The generalization to any LTL property is straightforward. It consists of executing the trace into the Büchi automaton equivalent to \(\phi \). Then the trace satisfies the property if and only if the execution loops over an accepting state of the automaton. Concretely, this generalization is obtained by removing Lines 9–11 and add after Line 18 the execution of the trace into the automaton. The implementation of this execution is a standard model checking procedure and is omitted here for conciseness.

The most important design decision for our algorithm is the representation we use for probability profiles and their accumulation. We propose to encode probability profiles using Algebraic Decision Diagram (ADD) data structure. ADD are a generalization of Binary Decision Diagram (BDD).
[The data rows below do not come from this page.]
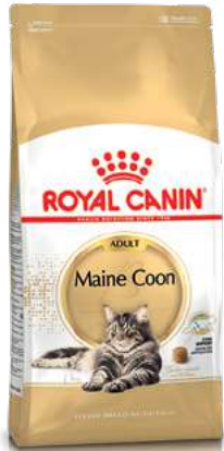
Available in 2kg, 4kg
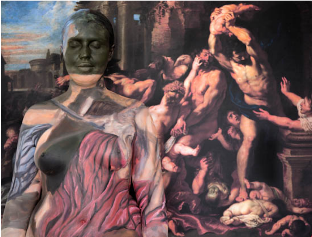
"$76,700,000 (Rubens)" by Trina Merry, 2017. $650.
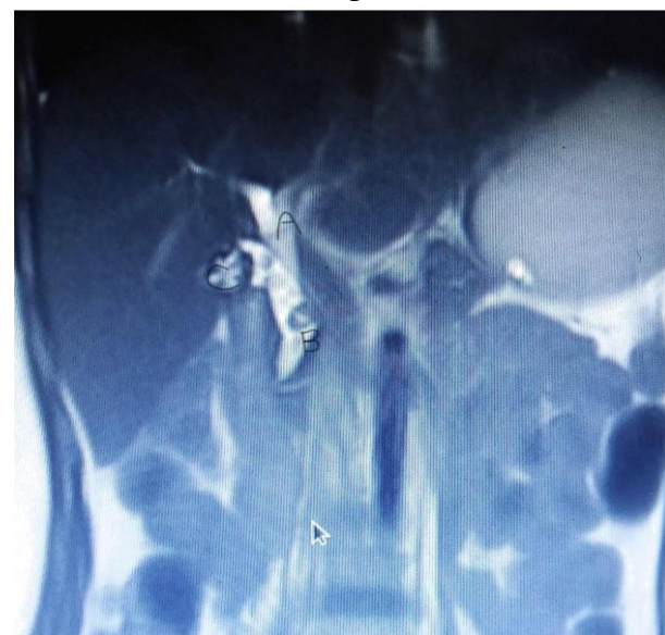
Figure 2 sagittal view .A) common hepatic duct proximal dilated part .B)cystic duct with stone compressing common bile duct .C)gallbladder with multiple stones.

A) Dilated proximal common bile duct. B) Cystic duct with stone compressing common bile duct. C) Gall bladder with multiple calculi.
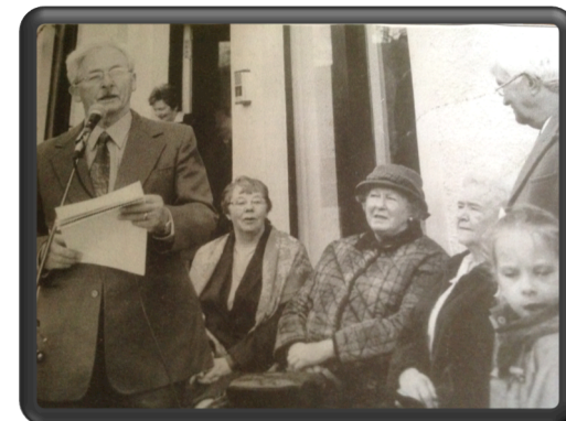
Someone with a Military voice was the Master of Ceremonies!!

The children of the village, led by Janet's Grandson piping, carried the old hall key across and exchanged it for the new one.
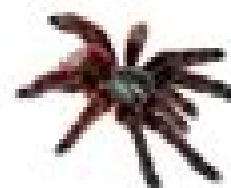
Hercules Baboon Tarantula
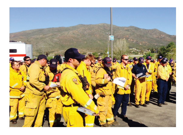
The 9 am briefing gathers over 300 fire fighters and strike team leaders to hear the weather forecast and planning.

Much of California is experiencing one of the worse drought conditions of this century and the warmest winter season on record for all of southern California. Fire behavior has been reported by veteran crews as extreme and persistent through the winter months. Due to three seasons of precipitation deficits coupled with just enough moisture for grasses to grow and cure, fire behavior analysts fear extreme wildfire growth and behavior in 2014. In the past 3 years, the mountains and foothills, which are most prone to severe wildfire potential, have received just 50 percent of normal precipitation.

BDDs are traditionally used for non-stochastic VISs and encode efficiently [9] which variants can or cannot execute the transitions. We propose ADD to also encode variants probability to execute transitions and thus to capture VISs with stochastic nature. More formally, an ADD represents \(\mathbb {B}^n \rightarrow \mathbb {R}\) function. Such function can capture the probability to execute a transition for every variant. \(ADD_{s_1,s_3}(I, \lnot J, K) = .3\) while \(ADD_{s_1,s_3}(\lnot I, J, \lnot K) = .8\), etc. Operations such as sum, product, modulo, etc. can be applied to ADDs. In our case, the product of two ADDs will multiply the probability values for every variants \(\forall v\in V, (ADD_{1}\otimes ADD_{2})(v) = ADD_{1}(v) \otimes ADD_{2}(v)\). Scalar value i can also be considered as an ADD such as \(\forall v \in V, ADD(v) = i\).

Fig. 4.
figure 4

Probability profiles of some transitions and paths encoded as ADDs.
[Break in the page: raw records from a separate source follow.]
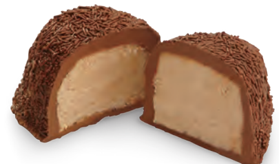
Bordeaux™ Egg A tasty classic. 3 oz $7.00 #9501
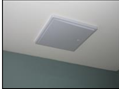
7.12 Picture 2

(2) The outside tap at the left side was leaking at the handle. A new seal / gasket will be needed.
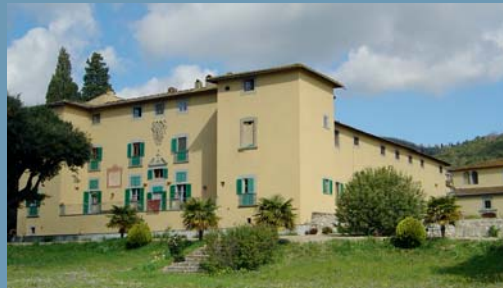
Seminary in Gricigliano, Italy
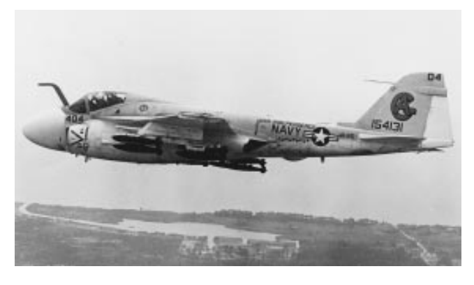
A squadron A-6A Intruder in flight with a load of bombs, 1970.
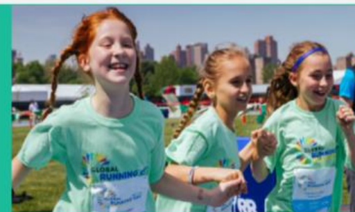
Recreation & Community
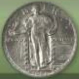
Standing Quarters $2.50* up to $2,800
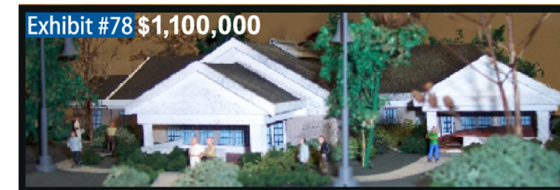
(New Education & Conservation Center to be built as soon as funds are raised)

The mission of the N.E.W. Zoological Society, Inc. is to assist the NEW Zoo in enhancing the education, conservation, and recreation programs that it offers.
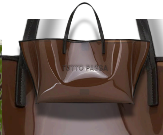
PVC glossed over.
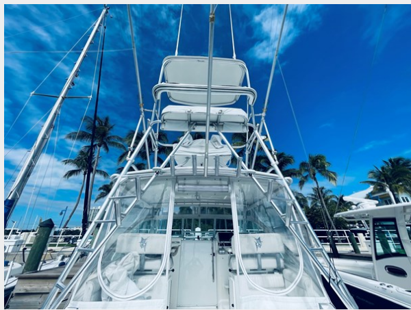
2_1999 31ft Cabo 31 Open SEA SQUIRREL
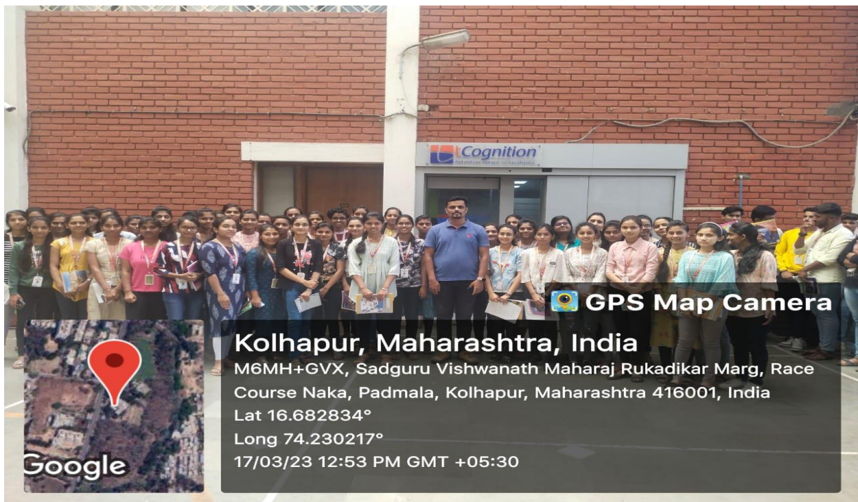
Industrial Visit organized by CSE Department
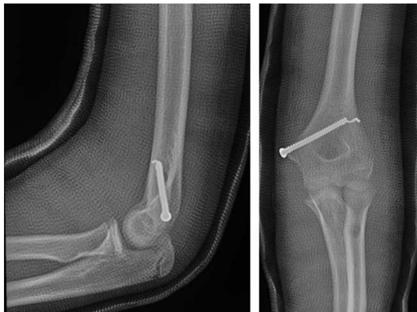
FIGURE 1. Postoperative anteroposterior and lateral radiographs of the elbow obtained in a cast demonstrating a partial, distal thread delamination after open reduction and internal fixation of a medial humeral epicondyle fracture.

This small series reports 6 cases of thread delamination in a pediatric population associated with 4.5 mm AO cannulated stainless-steel screws, most commonly in the setting of fixation of medial humeral epicondyle fractures. It is important to note that each case that occurred at our institution generated an occurrence report internally, which according to standard procedure was subsequently entered into a reporting system to the United States Food and Drug Administration. Each case was also submitted for consideration for presentation at our department's morbidity and mortality conference. While previous case reports and a small case series
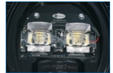
Lumino City 1500

Increased reliability, simple installation and long lifespan.
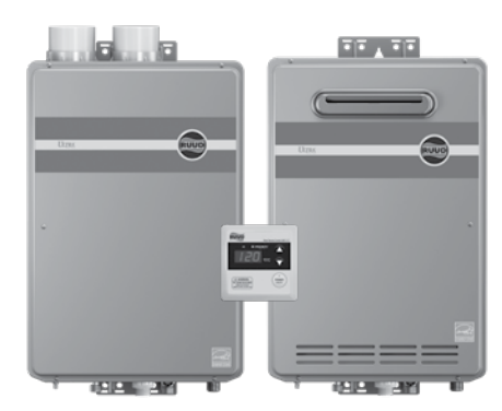
RUTGH-DVL RUTGH-XL Indoor Direct Vent Outdoor 11,000-199,900 BTU/h Natural and LP Gas
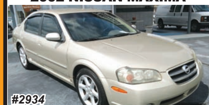
2002 NISSAN MAXIMA

Figures 4a, 4b and 4c illustrate probability profiles of some featured stochastic transitions as ADDs. While the \((s_2,s_2)\) transition is only possible for variants with \(\{ \lnot I \wedge J\}\). Such variants have .3 probability to fire this transitions (.7 to fire another one). Other variants cannot fire this transition. The \((s_2,s_4)\) is a XOR ADD over I and J. \(I \wedge \lnot J\) variants can and will fire this transition as the probability is 1. Similarly, \((s_4,s_3)\) transition is mandatory for K variants while \(\lnot K\) variants have .9 probability to not fire it. Figure 4d and 4e are two examples of probability profile of path \((s_2, s_2, s_4, s_3)\) and \((s_0, s_2, s_4, s_6)\). The first one is the product of the probability profiles of transitions illustrated in Fig. 4.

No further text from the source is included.